Hem cPLA2'ler hem de salgılanan PLA2'lerin bazıları, yağ asidi arakidonik asidi membran fosfolipidlerinden üretebilir. Bu bir 20 karbon çoklu doymamış yağ asididir. Fosfolipidlerden kurtulduktan sonra, eikosanoidlerin üretilmesi için oksijenlendirilebilir. Bu bileşikler birçok potansiyel patojenik cevabı etkileyebilir. Örneğin, prostaglandinler hormon grubu, eikosanoid türleridir ve enflamasyona neden olabilir.

PLA2'lerin inhibitörleri klinik uygulamalara sahip olabilir. Salgılanan PLA2'lerin lipit metabolizmasındaki rolü insan hastalıkları üzerinde etkili olabilir. Bu enzimlerin artan seviyeleri koroner arter hastalığı ile koreledir. Bu bozukluğu olan hastaların tedavisinde umut veren yeni inhibitörler geliştirilmiştir. Nörolojik bozuklukları tedavi etmek için beyin PLA2 inhibitörleri önerilmiştir.

PLA2'ler için tanımlanmış birkaç alıcı vardır. Reseptörler, belirli bir molekülü spesifik olarak ve sıkıca bağlayan ve bir sinyal ileten proteinlerdir. Bazı sürüngen ve omurgasız zehirleri, toksik salgılanan PLA2'lerdir.
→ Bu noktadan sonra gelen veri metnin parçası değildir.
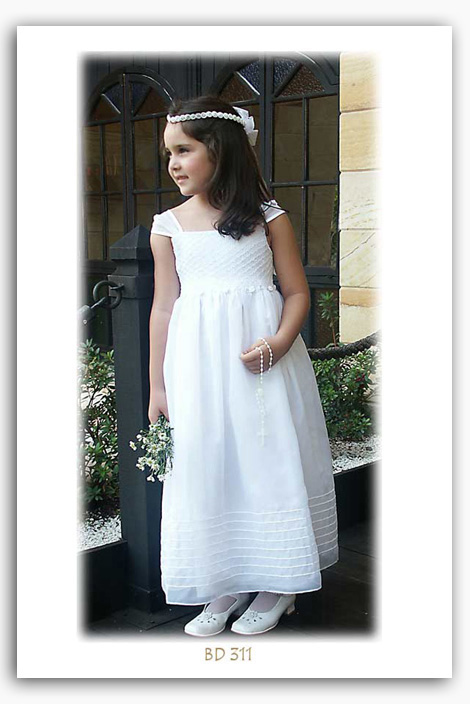 Fantastiskt söt vit näbbklänning i voile. Vilka detaljer! Breda axelband i organza med hansydda blommor på. Handsmockad med små vita pärlemor på. Midjan är dekorerat med handsydda sidenblommor på. Bred band på ryggen som kan knytas till en rosett. Underkjol i mjuk bomull med tyll i kjoldel mellan de två lager tyg. Handväska i tyg medföljer. Denna klänning passar utmärkt för bröllop eller första kommunion.
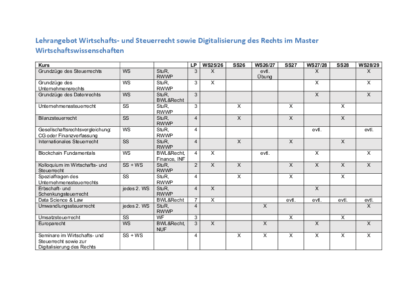 Ergänzende Angebote außerhalb des Master-Profilbereichs Steuern und Recht

Toksisitelerini memeli PLA2 reseptörlerine bağlanarak gösterdikleri düşünülmektedir.

PLC ailesi, özellikle hücresel sinyale neden olmak üzere memeli fizyolojisindeki rolleri için yüksek oranda çalışılan başka bir gruptur. PLC'ler sadece hücre içi olarak veya hücrelerin içinde bulunur. Bu enzimler, diasilgliserol, DAG ve inositol trifosfat, IP3 üreten, fosfat grubundan önce fosfolipidleri parçalamaktadır. IP3 sitoplazmaya dağılır ve kalsiyum seviyelerinin orada yükselmesine neden olur. Bu hücresel metabolizmada bir dizi değişiklik üretir.

PLC'den DAG ve kalsiyumun kombine aktiviteleri, protein kinaz C'yi aktive eder. Bu, bir dizi proteine ​​bir fosfat grubu ekleyen anahtar bir düzenleyici enzim ailesidir. Protein kinaz C aktivitesi, normal hücre büyümesinin düzenlenmesinde rol oynar. Aynı zamanda tümör gelişiminde de yer almıştır. PLC inhibitörlerinin gelişimi aktif bir araştırma alanıdır.

PL'lerin salgılanmasının ayrıca bakterilerin, parazitlerin ve patojenik mantarların konakçılarını enfekte etmek için kullandıkları bir strateji olduğu düşünülmektedir. Birkaç farklı PL tipi patojenite ile ilişkilendirilmiştir. PLA1, PLA2 ve PLB'yi içerirler.